→ **EXERCISE REQUIREMENTS**:
Beginning with the line that contains "ApiServiceを起点に機能の修正を考える ▌性能カスタマイズオプション: アプリの用途に適したレコードを実装したい", reproduce every line through the end of the records below exactly, and leave the pictures out.

→ **SUPPLIED ENTRIES**:
###
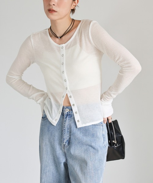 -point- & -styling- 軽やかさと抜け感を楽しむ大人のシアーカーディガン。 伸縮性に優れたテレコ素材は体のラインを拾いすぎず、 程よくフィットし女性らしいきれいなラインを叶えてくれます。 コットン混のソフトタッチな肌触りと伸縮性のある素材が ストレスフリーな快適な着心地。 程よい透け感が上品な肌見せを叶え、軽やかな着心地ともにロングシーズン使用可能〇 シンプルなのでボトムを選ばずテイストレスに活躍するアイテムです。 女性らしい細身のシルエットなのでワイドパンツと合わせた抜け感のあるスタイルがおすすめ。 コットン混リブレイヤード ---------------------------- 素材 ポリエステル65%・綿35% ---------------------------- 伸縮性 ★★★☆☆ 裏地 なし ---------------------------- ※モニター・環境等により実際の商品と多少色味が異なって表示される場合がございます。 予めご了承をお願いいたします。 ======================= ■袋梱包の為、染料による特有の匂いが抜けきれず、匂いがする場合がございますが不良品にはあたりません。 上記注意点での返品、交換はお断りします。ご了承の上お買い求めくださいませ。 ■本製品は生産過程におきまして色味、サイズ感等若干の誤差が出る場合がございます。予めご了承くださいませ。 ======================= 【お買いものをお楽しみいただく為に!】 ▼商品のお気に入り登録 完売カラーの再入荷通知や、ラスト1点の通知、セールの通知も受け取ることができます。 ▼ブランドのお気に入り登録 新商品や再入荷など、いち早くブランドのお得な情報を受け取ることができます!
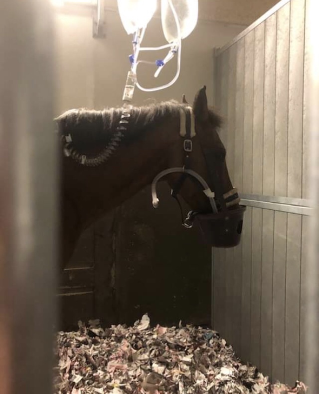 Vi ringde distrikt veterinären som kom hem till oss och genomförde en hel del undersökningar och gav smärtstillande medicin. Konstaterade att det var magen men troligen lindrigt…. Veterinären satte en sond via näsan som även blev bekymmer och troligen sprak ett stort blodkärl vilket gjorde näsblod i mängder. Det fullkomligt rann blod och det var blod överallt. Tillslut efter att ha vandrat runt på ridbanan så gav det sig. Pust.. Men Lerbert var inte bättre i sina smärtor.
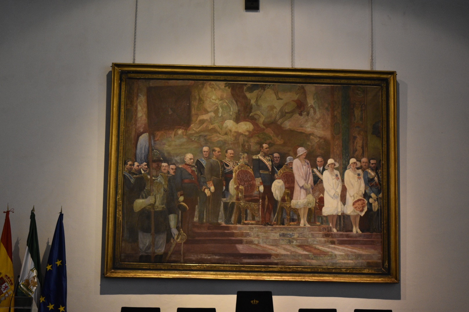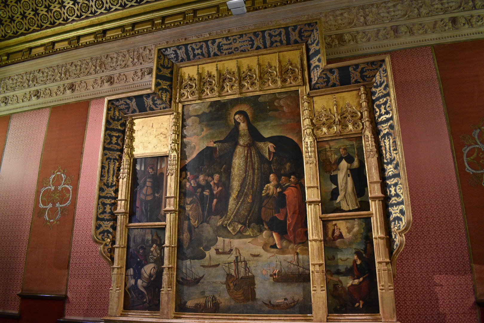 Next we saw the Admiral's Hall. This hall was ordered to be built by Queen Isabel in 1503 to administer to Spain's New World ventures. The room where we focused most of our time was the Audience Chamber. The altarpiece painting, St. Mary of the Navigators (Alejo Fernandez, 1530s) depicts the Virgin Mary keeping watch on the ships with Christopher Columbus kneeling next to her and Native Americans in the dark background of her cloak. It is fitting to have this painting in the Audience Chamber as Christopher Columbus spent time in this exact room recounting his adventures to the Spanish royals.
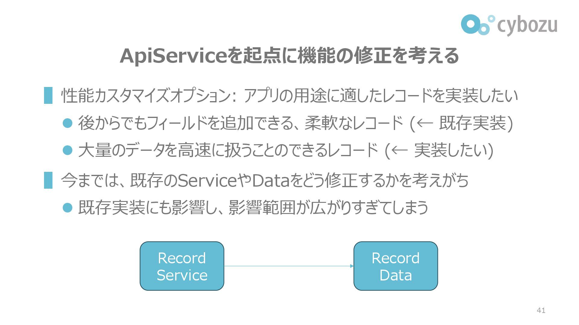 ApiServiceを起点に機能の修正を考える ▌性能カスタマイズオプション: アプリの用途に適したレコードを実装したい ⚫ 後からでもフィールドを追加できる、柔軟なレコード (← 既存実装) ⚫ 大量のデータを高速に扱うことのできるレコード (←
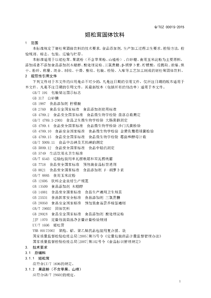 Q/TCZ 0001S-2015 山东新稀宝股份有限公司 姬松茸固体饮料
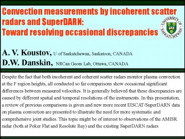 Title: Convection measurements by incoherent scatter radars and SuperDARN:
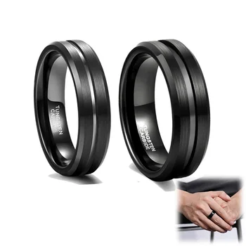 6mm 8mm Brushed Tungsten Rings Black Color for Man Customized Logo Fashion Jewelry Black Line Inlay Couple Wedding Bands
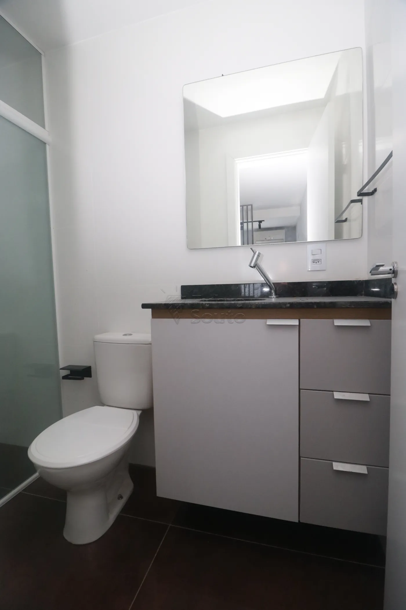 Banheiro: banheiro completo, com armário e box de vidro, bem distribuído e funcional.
###
→ **ANSWER**:
 ApiServiceを起点に機能の修正を考える ▌性能カスタマイズオプション: アプリの用途に適したレコードを実装したい ⚫ 後からでもフィールドを追加できる、柔軟なレコード (← 既存実装) ⚫ 大量のデータを高速に扱うことのできるレコード (←
 Q/TCZ 0001S-2015 山东新稀宝股份有限公司 姬松茸固体饮料
 Title: Convection measurements by incoherent scatter radars and SuperDARN:
 6mm 8mm Brushed Tungsten Rings Black Color for Man Customized Logo Fashion Jewelry Black Line Inlay Couple Wedding Bands
 Banheiro: banheiro completo, com armário e box de vidro, bem distribuído e funcional.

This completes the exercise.